C'était la première fois depuis 2004 que la muraille défensive de Glen Constantin se faisait ainsi percer par un seul homme. Erlington a inscrit un touché dès le premier quart, son premier en trois ans de carrière face au Rouge et Or. Une course de 42 verges qui a déboussolé la défensive lavalloise.

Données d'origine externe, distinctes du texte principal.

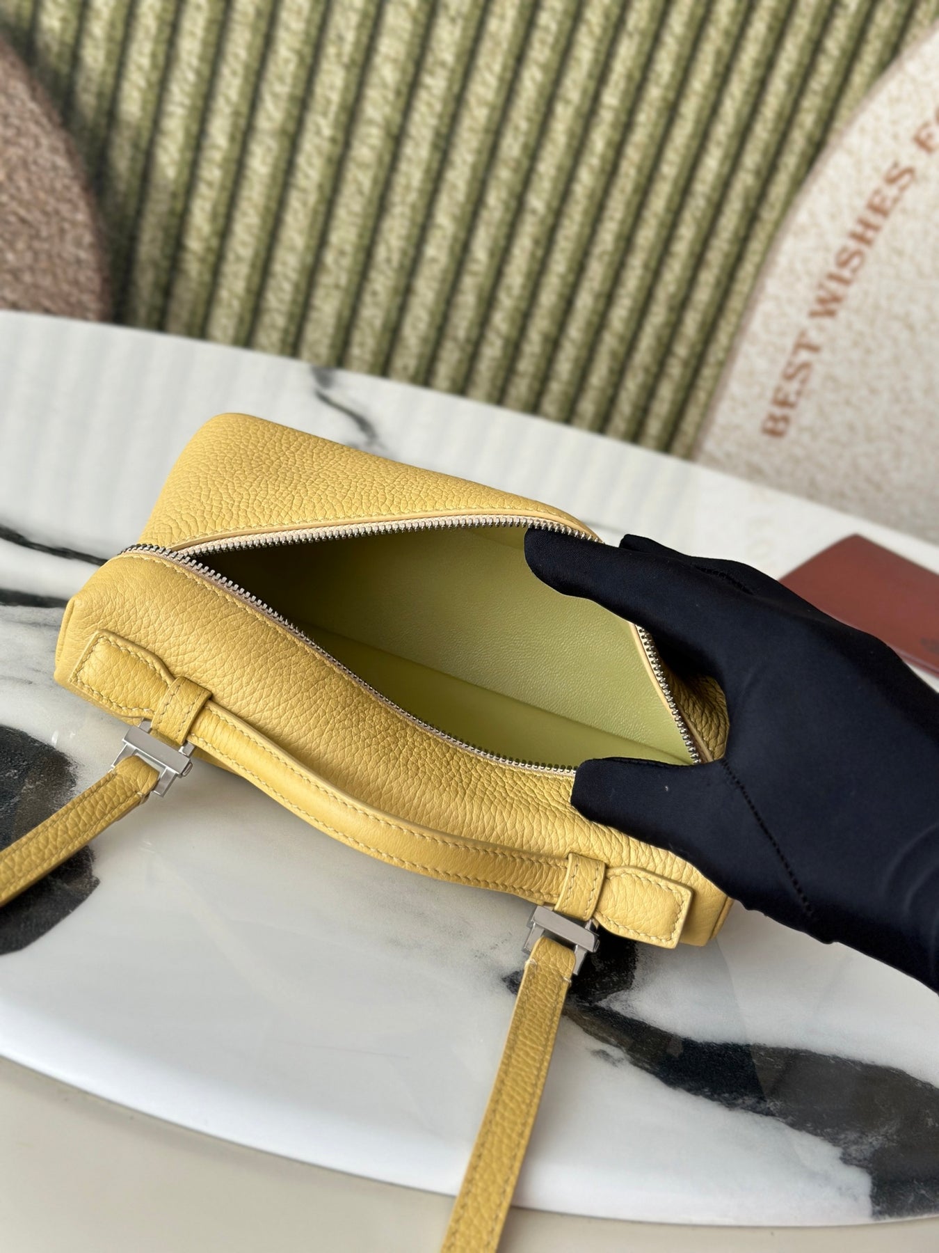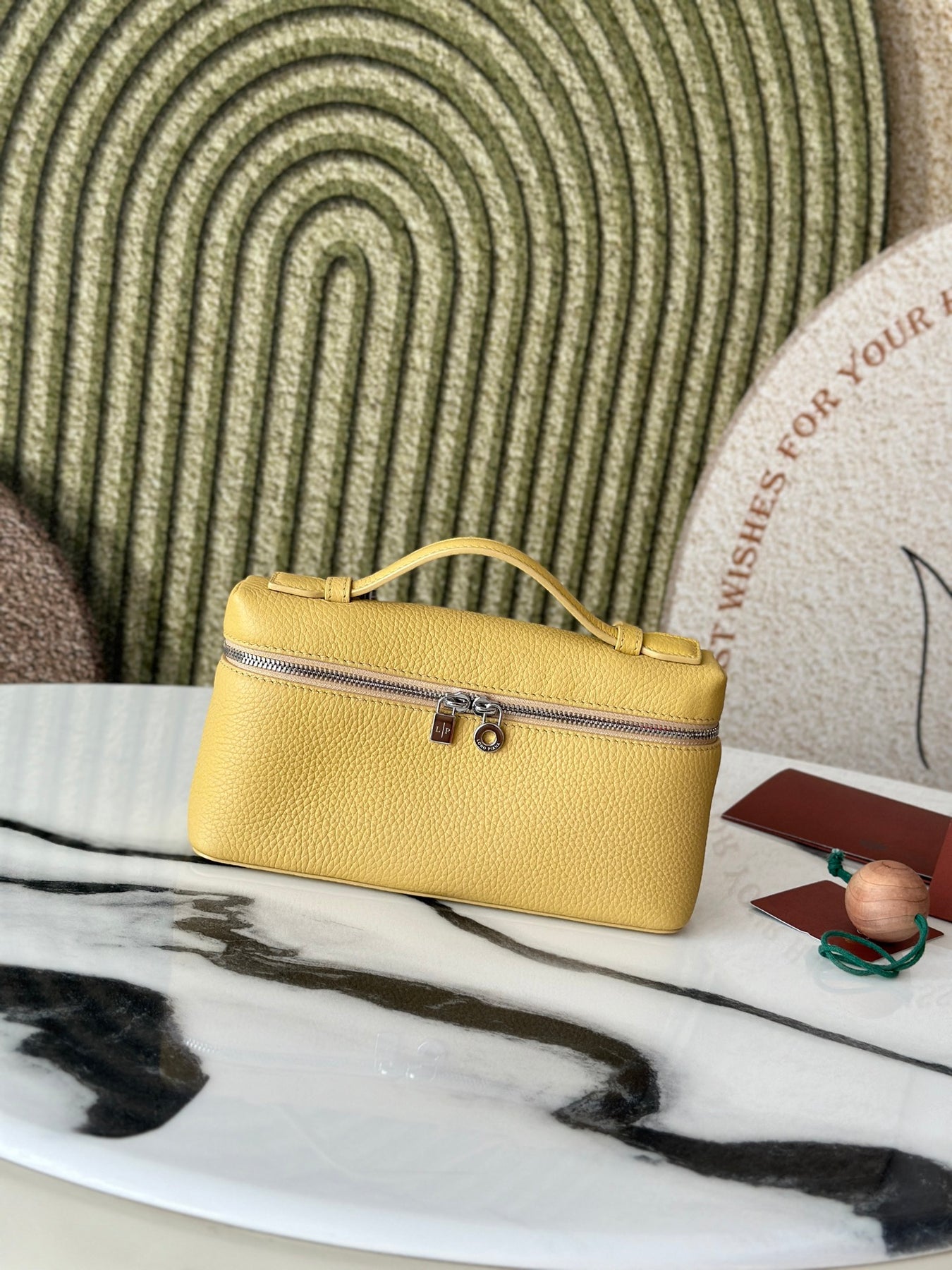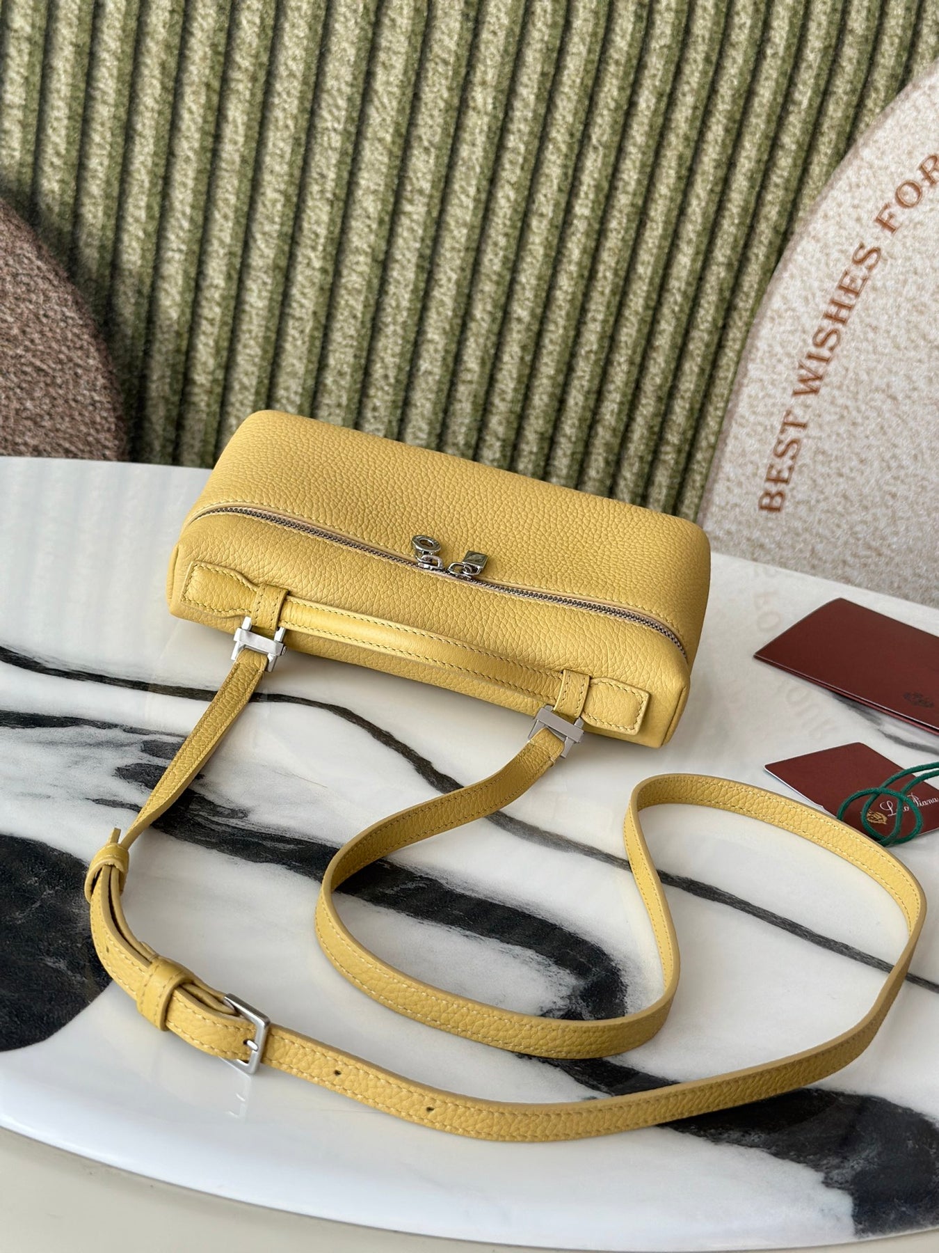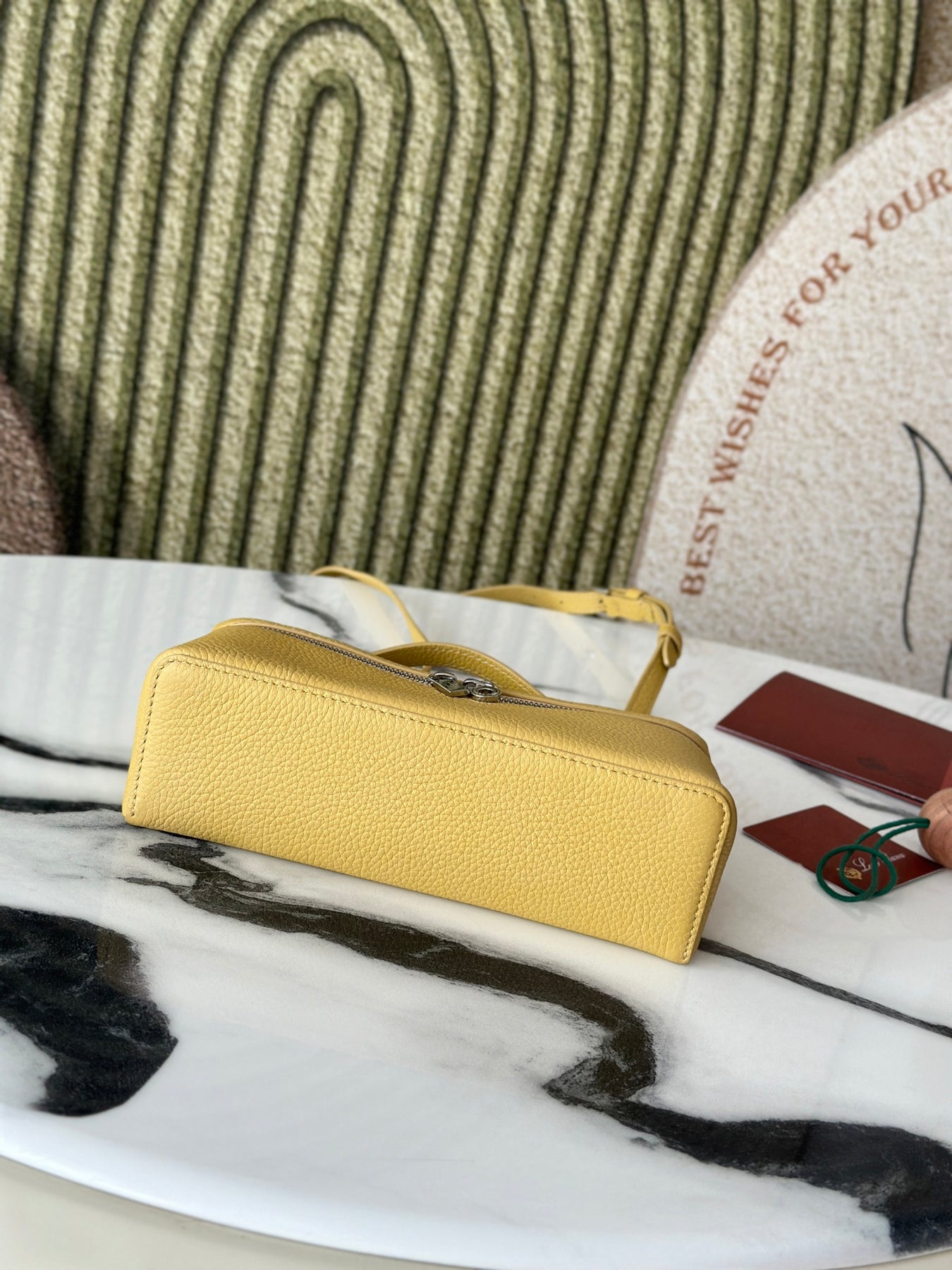 Introducing the L19 Handbag, a stylish and functional accessory perfect for any occasion. This new version features a sleek cream yellow design, complemented by an elegant silver buckle.
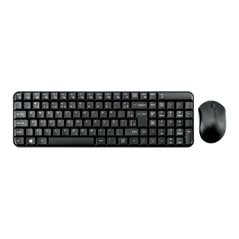 Kit Teclado/mouse wireless 2.4GHz, receptor nnano USB Tipo-A, teclado tipo membrana, teclas multimídia, mouse óptico c/ 3x botões.
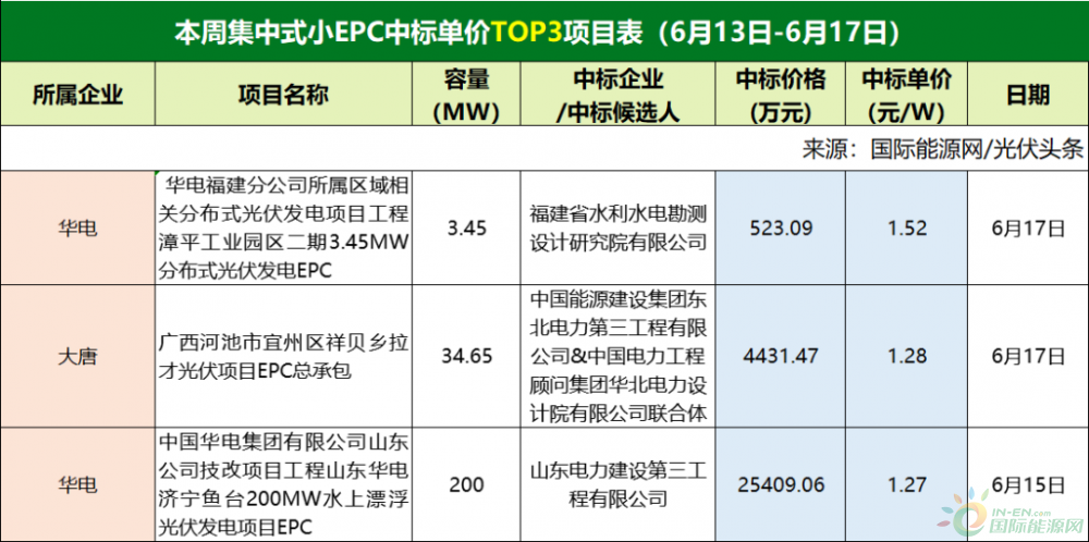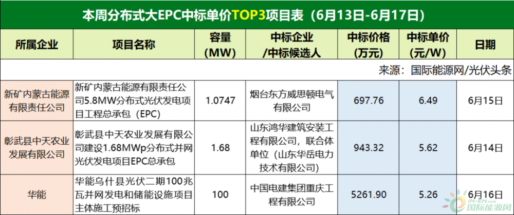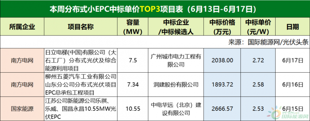國際能源網/光伏頭條(PV-2005)對6月第3周(6月13日-6月17日)光伏EPC招/中標項目不完全統計,本周招標規模合計3556.14MW,中標規模3017.34MW,招中標規模合計6573.48MW。此外,本周多晶硅、電池片紛紛上漲,組件龍頭企業加速產業鏈垂直一體化,同樣值得關注!

«C'est un jeu qu'on n'avait jamais vu», a déclaré mercredi le secondeur Shayne Gauthier. «On n'était pas prêts à ça. On a été un petit peu surpris.»

Erlington admet que ce majeur a fait du bien au moral. «On ne pense pas toujours à ça, mais je me disais souvent : "Ça va venir dans ce match-là, puis dans ce match-là." Et le fait que ça arrive si tôt dans le match, ç'a été un bon boost», a raconté le numéro 1 au Soleil.

Collectivement, les Carabins avaient aussi disputé une solide rencontre. Ce n'est pas toutes les semaines que le Rouge et Or est limité à 16 points. «C'est le genre de performance qu'on aimerait avoir» en finale de la Coupe Dunsmore, reconnaît le demi offensif.

En huit matchs cette saison, Erlington a couru 87 fois pour des gains de 517 verges. Il a aussi inscrit cinq touchés. La semaine dernière, dans la victoire de 31-24 des Carabins sur Sherbrooke en demi-finale, il a offert une performance colossale, portant le ballon 28 fois pour gagner 212 des 268 verges au sol de son équipe. Avec deux touchés à la clé, dont celui qui a permis aux siens de prendre les devants pour de bon, au quatrième quart.

Selon le principal intéressé, il s'agit de son meilleur match en carrière. Une performance qui lui donne un bon élan pour la suite des séries éliminatoires. Et qui laisse croire qu'Erlington carbure aux grands moments.

«Ç'a l'air de ça pour l'instant», lance l'athlète de 23 ans avec un rire timide. «Mais je dois lever mon chapeau à [l'entraîneur-chef] Danny Maciocia, qui s'est assis avec moi pour corriger mes petits problèmes de lecture de jeu», indique cet ancien des Spartiates du Cégep du Vieux-Montréal, qui admet avoir eu quelques difficultés à profiter de certaines ouvertures cette saison.

Lors du premier match de la campagne contre le Rouge et Or, le porteur de ballon de 5'9'' et de 210 livres s'était quand même bien débrouillé, collectant 70 verges en 12 courses malgré la défaite.

Se méfier de Gauthier

Lorsqu'on demande à Erlington de quel joueur il doit se méfier chez le Rouge et Or, il nomme Gauthier, ajoutant dans la foulée : «On se méfie de tous les joueurs qui peuvent avoir un impact. Je ne me concentre pas nécessairement sur lui.»

Gauthier ne tarit pas d'éloges pour son adversaire. «Il est dur à arrêter. Il court fort et il n'arrête jamais ses jambes. C'est une double menace : il est aussi bon au sol que sur la passe. C'est un des bons porteurs de ballon que j'ai affrontés dans ma vie», affirme le secondeur étoile, qui a vanté le travail de la ligne offensive des Carabins.

«Une des meilleures au Québec, avec la nôtre. Ils travaillent très bien ensemble... Erlington ne gagne pas 200 verges par match tout seul. Ça lui prend des amis qui l'aident en avant.»